(1.) : The two questions which were unsuccessfully urged before the learned single Judge are also urged in this appeal, viz., whether in respect of a loan advanced by the respondent No. 3-corporation, it can proceed agains the surety for recovery of the loan instead of first proceeding against the loanee; and, secondly, whether the provisions of Section 32-G of the State Financial Corporations Act, 1951 and Section 52-A of the A.P. Revenue Recovery Act, 1864 cannot be made applicable for recovery of the amount as the amount could not be called land revenue.

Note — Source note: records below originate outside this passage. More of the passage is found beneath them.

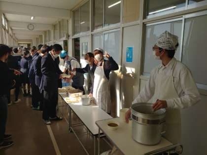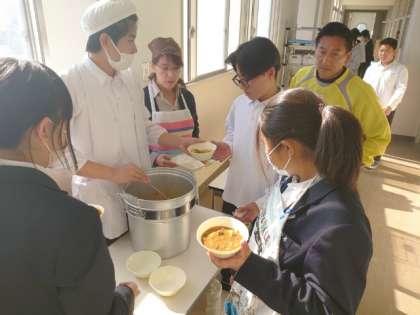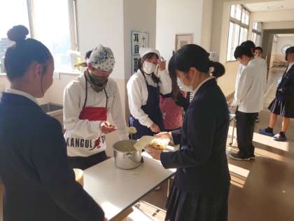 お昼休みのチャイムが鳴り、2年生の教室前で給食の準備が始まりました。今日は「えびフライカレー・カリフラワーのピクルス・煎り黒豆」の人気メニュー。皆さん、白いご飯にカレーをたっぷりかけていただいてくださいね。
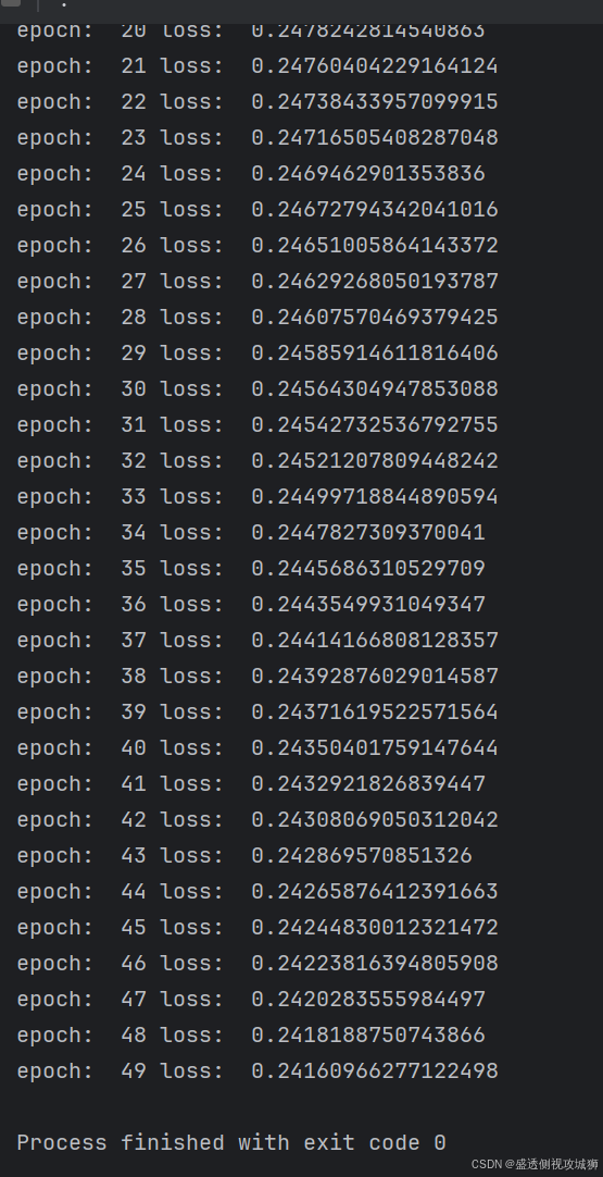 for epoch in range(50):进行 50 次训练迭代。y_pred = model(x):进行前向传播,使用当前模型参数计算输入数据x的预测值。loss = criterion(y_pred, y):计算预测值和目标值y之间的损失。optimizer.zero_grad():清除上一轮训练时的梯度值。loss.backward():反向传播,计算损失函数相对于模型参数的梯度。optimizer.step():根据计算出的梯度更新模型参数。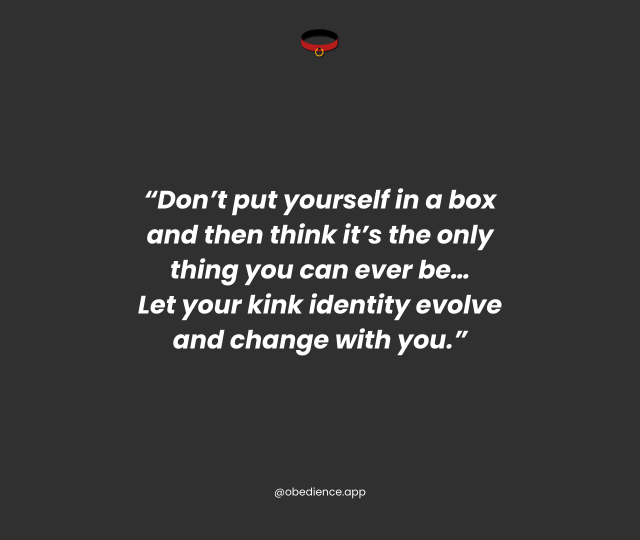 Drastic change happens, but most of the time the changes you go through with your kink identity will be more subtle. You may go from being a Dom to a sub, or a sub to a Dom-leaning switch, and all of that is okay. Your personal kinky journey is just that: Personal.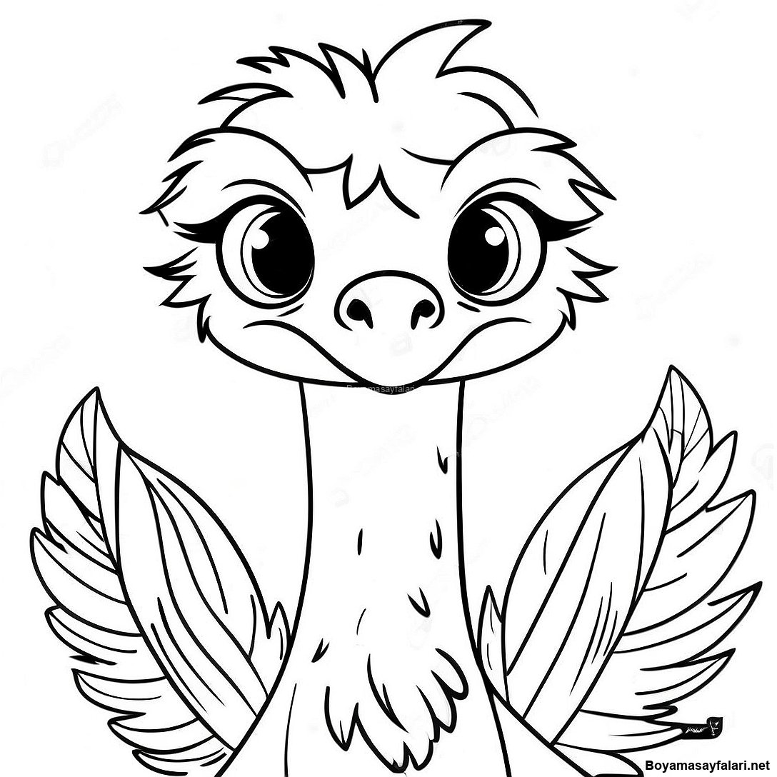 Renkli Tüyleri Olan Devekuşu Boyama Sayfası

(2.) The learned single Judge held both the questions against the appellants though in respect of the second contention he took the view that Section 52-A of the A.P. Revenue Recovery Act, 1864 could be held to be ultra vires, and that G.N. Venkataswamy v. Tamil Nadu Small Industries Development Corporation Ltd. (1) AIR 1980 Mad 318, has taken a similar view, yet in view of the decision of this Court in Tamarind Seeds Products of India v. State of Andhra Pradesh (2) 1980 (2) ALT, 429, the question is no longer res Integra, and that though it was open for him to refer the matter to a larger Bench, yet because of amendment to the State Finance Corporations Act, 1951 by addition of Section 32-G to that Act, the question no longer remains as one to be decided.
(3.) The law is by nowfar well settled that the liability of the surety in respect of a loan is coextensive with that of the debtor and that it is open to the creditor to proceed against either the debtor or the surety or both. The leading decision on the question is Bank of Bihar v. Damodar Prasad (3) AIR 1969 SC 297, which has been subsequently followed in many other cases. Section 128 of the Contract Act makes the liability of the surety co-extensive with that of the debtor. The question, hence is no longer open to be canvassed.